Personally, attending conferences offered me an opportunity to travel out of the African continent for the first time. I got to travel to Lindau Germany to meet Nobel Prize winners. For any young scientist, being selected to attend the Lindau Nobel Laureates meeting is a huge privilege. Not only did I get to meet and have discussions with Nobel Laureates for the first time in my life, I also met and interacted and shared research experiences with PhD students from the most prestigious universities in the world. As a result of being selected for this meeting, I was featured in an article from the largest newspaper publishing in my city. As such, this meeting will remain a major highlight of my academic career.

From Germany, I immediately travelled to Japan to present my research findings at the 18th World Congress of Basic and Clinical Pharmacology. We had booked the return tickets to both countries during different times, and I had to first travel back to South Africa the whole day, and immediately connect to Hong Kong for a 14-hour flight, before taking another 4-hour flight to Japan. As you can imagine, I was fatigued when I got to Japan, but experiencing the difference in the landscape and way of life in Japan compared to Africa rendered the fatigue was worth it! I found one thing bizarre though, some individuals wore facial masks in public, are rare sighting in the South Africa at the time. It turns out, Japan has a long history of disease outbreaks, and with the current advent of COVID-19, I now understand why they wore masks in public. The conference was abuzz with researchers from across the globe, who shared ground-breaking findings from their individual labs.

In addition to these international conferences, local conferences have afforded me the opportunity to meet peers form various Universities in South Africa, with whom I have exchanged research findings and ideas. Conferences have also offered me an opportunity to display my presentation skills. As a consequence I was given the Young Scientist Award in Basic Pharmacology for the 2nd best podium presentation at the First Conference of Biomedical and Natural Sciences and Therapeutics in 2018, while my late colleague lab mate got the 1st prize.

Left: Myself, presenting a  poster in Kyoto Japan at a world Pharmacology conference. Right: colleagues and myself carrying awards at a National Science conference in Stellenbosch, South Africa.

Unfortunately, the global wave of lockdowns due to the COVID-19 pandemic has rendered conducting science conferences in person a challenging task. As a result, there has been an increase in online research conferences, as a way to sustain the level of academic exchange during these difficult times. Virtual meetings have many advantages, including a decrease in the financial burden and ease of access. A screen with multiple faces (figure below), and phrases like “please mute your mic” have been a familiar feature over the past year. Although the online environment allows for easy organization of meetings, I personally feel like the social connection that usually happens during person to person interactions is lost. For example, when I am presenting I love making eye contact with people in the audience as a way of evaluating their level of concentration. This falls away when your audience is behind muted mics and cameras and all one has to stare at is a computer screen.

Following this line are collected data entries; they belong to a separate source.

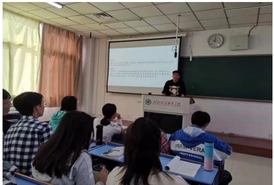
学生当“先生”讲课展示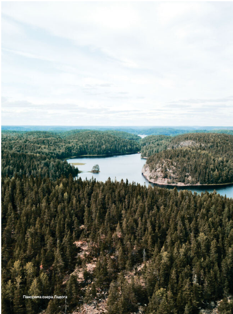
Панорама озера Ладога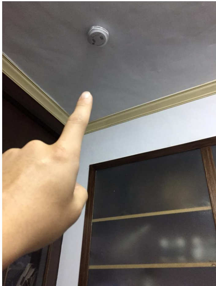
住宅用火災警報器裝設於一樓書房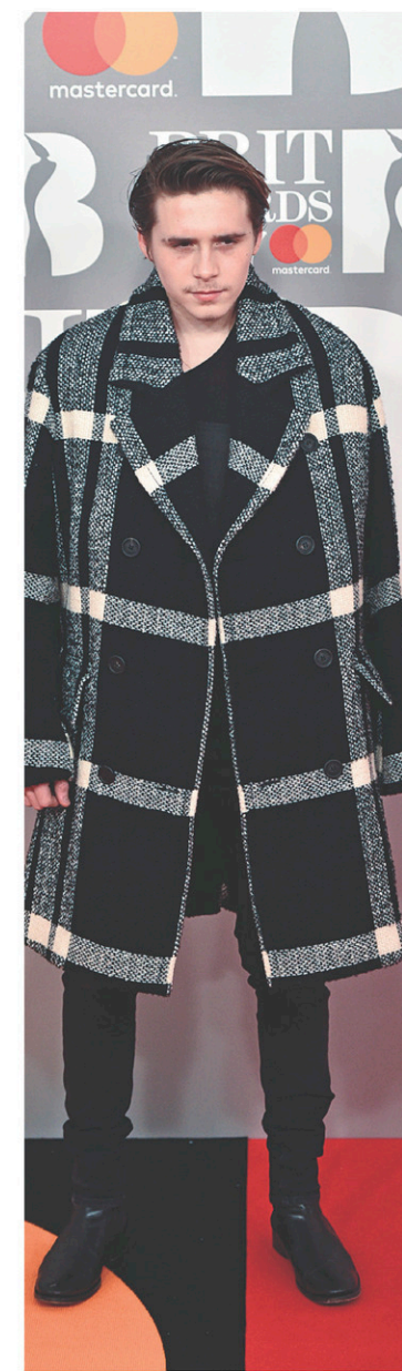
Brooklyn Beckham, mannequin

The 2021 South Young African Academy of Science blogging team, meeting for the first time, in a virtual meeting earlier this year.

Person to person interaction during conferences fosters the establishment of relations and collaboration amongst researchers, and this is not particularly easy to do in a virtual setting. With vaccination strategies being rolled out in various countries being rolled out, I am hopeful that COVID-19 and lockdowns will soon be a thing of the past and we can safely resume physical conferences.